=== PROVIDED RECORDS ===
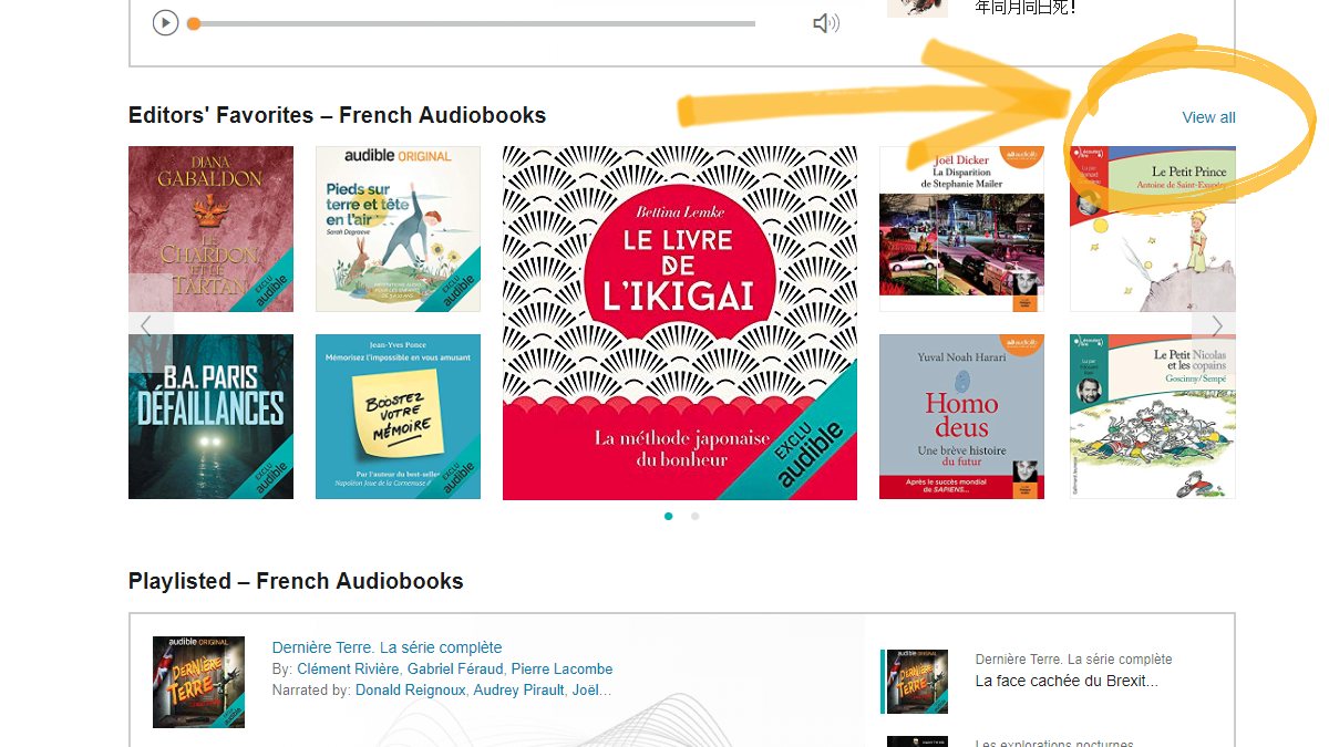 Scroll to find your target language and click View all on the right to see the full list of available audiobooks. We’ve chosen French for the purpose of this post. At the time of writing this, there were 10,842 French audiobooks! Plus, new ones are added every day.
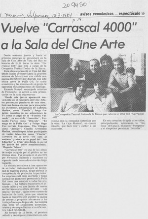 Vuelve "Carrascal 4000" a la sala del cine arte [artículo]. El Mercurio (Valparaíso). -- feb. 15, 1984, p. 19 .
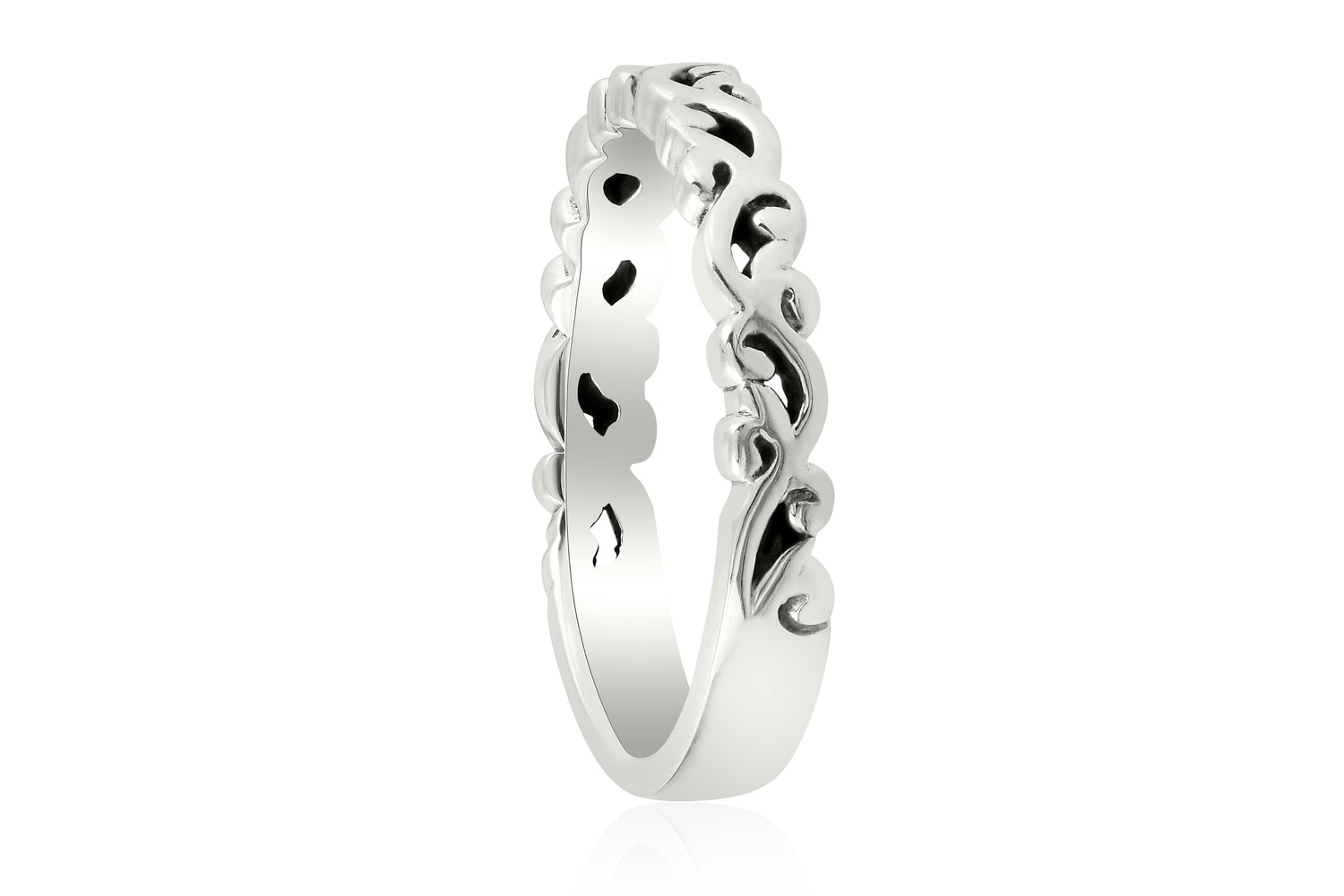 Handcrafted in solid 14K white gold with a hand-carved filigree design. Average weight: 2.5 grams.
...
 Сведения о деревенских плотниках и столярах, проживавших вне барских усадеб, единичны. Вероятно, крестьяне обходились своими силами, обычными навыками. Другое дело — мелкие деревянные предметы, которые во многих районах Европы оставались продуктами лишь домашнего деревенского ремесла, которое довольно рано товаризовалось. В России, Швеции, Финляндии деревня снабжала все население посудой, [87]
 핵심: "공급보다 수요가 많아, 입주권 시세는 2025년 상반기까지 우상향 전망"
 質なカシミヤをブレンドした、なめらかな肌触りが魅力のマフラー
==
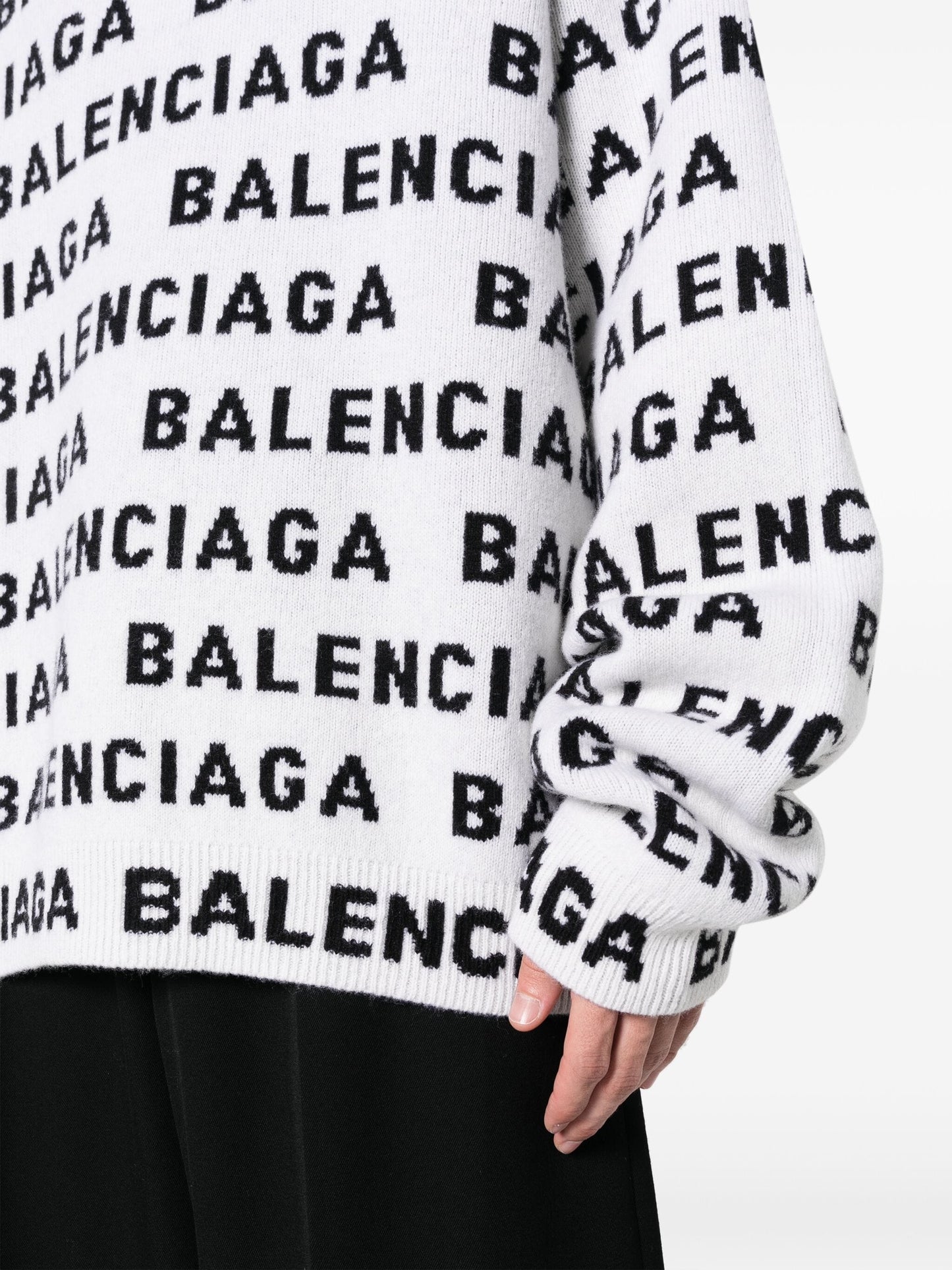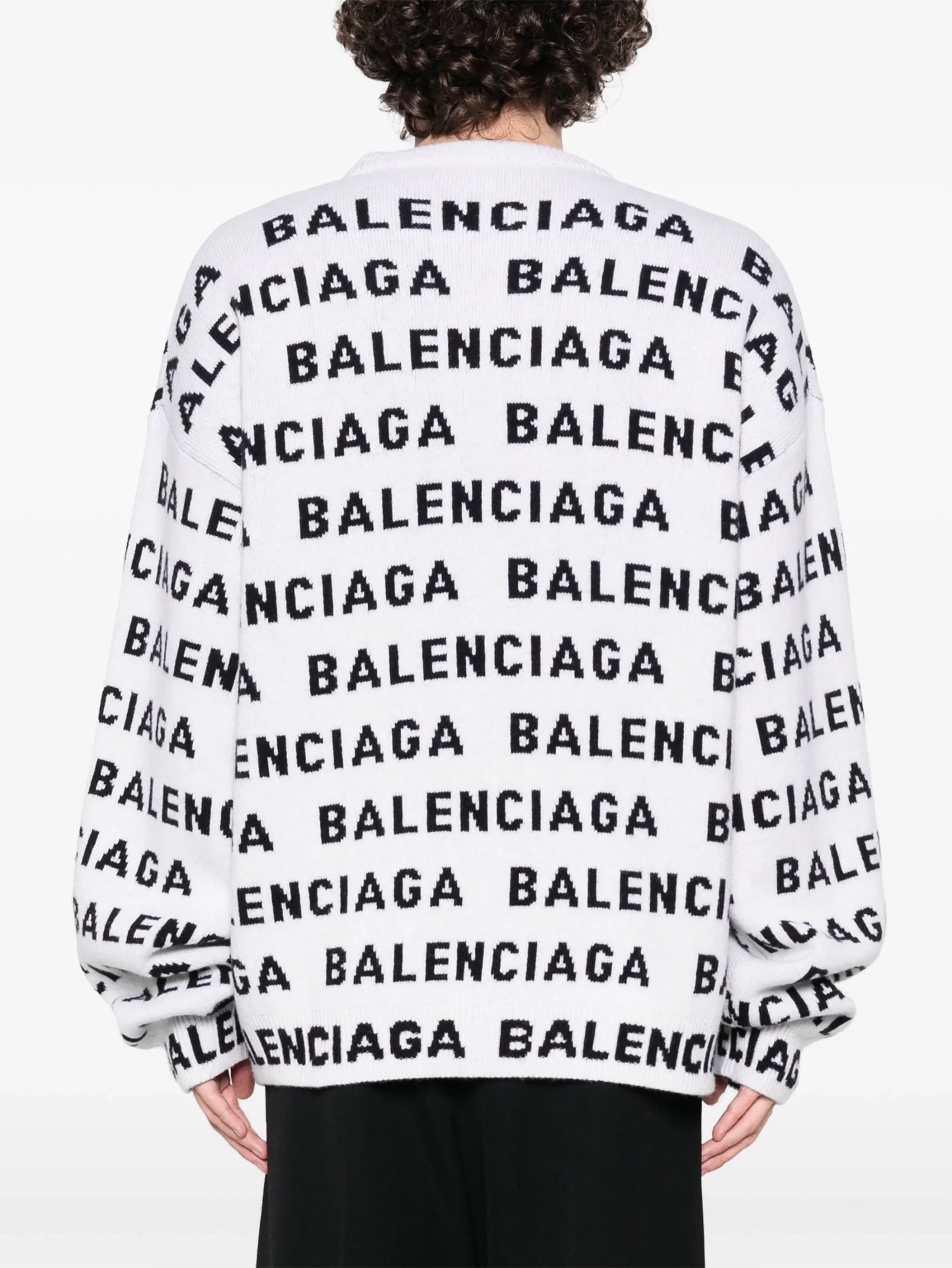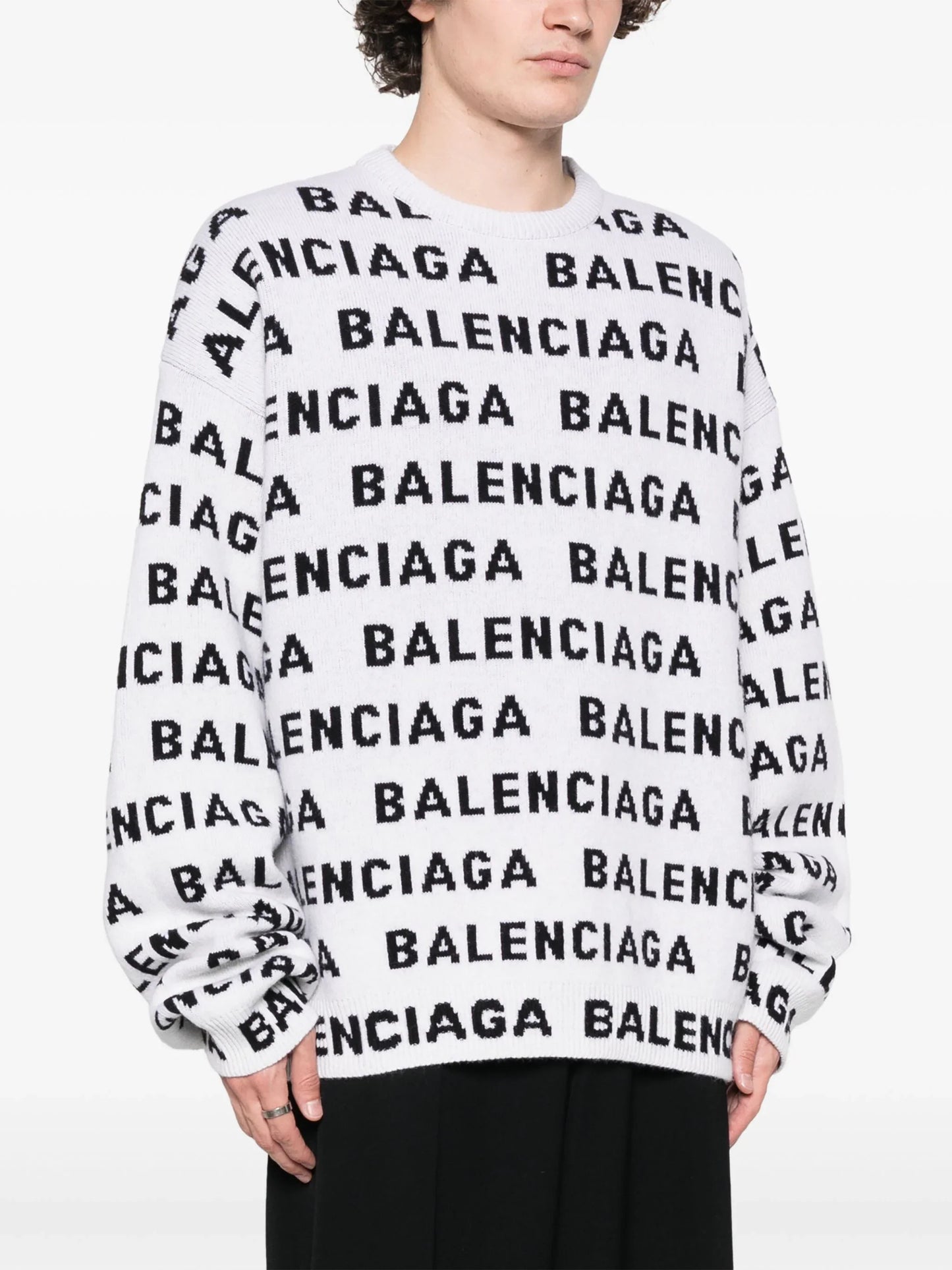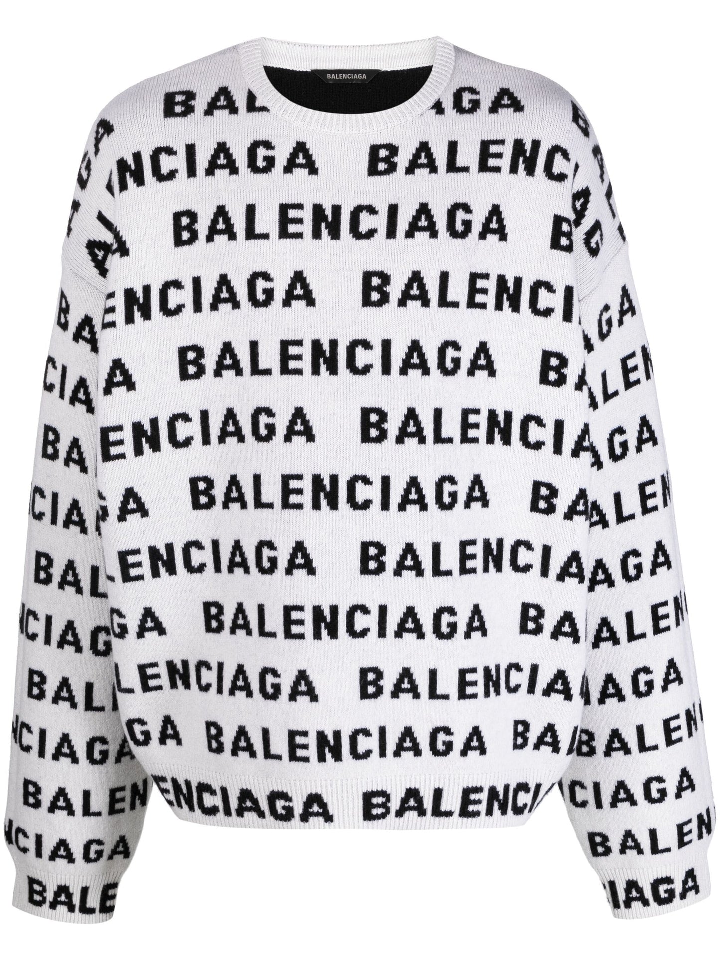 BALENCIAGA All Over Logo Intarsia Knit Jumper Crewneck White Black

=== ASSIGNMENT ===
Above are records with pictures. Reproduce exactly only the lines from the line with "Scroll to find" through the line with "Handcrafted in solid", both ends included, and leave the pictures out.

=== YOUR SOLUTION ===
 Scroll to find your target language and click View all on the right to see the full list of available audiobooks. We’ve chosen French for the purpose of this post. At the time of writing this, there were 10,842 French audiobooks! Plus, new ones are added every day.
 Vuelve "Carrascal 4000" a la sala del cine arte [artículo]. El Mercurio (Valparaíso). -- feb. 15, 1984, p. 19 .
 Handcrafted in solid 14K white gold with a hand-carved filigree design. Average weight: 2.5 grams.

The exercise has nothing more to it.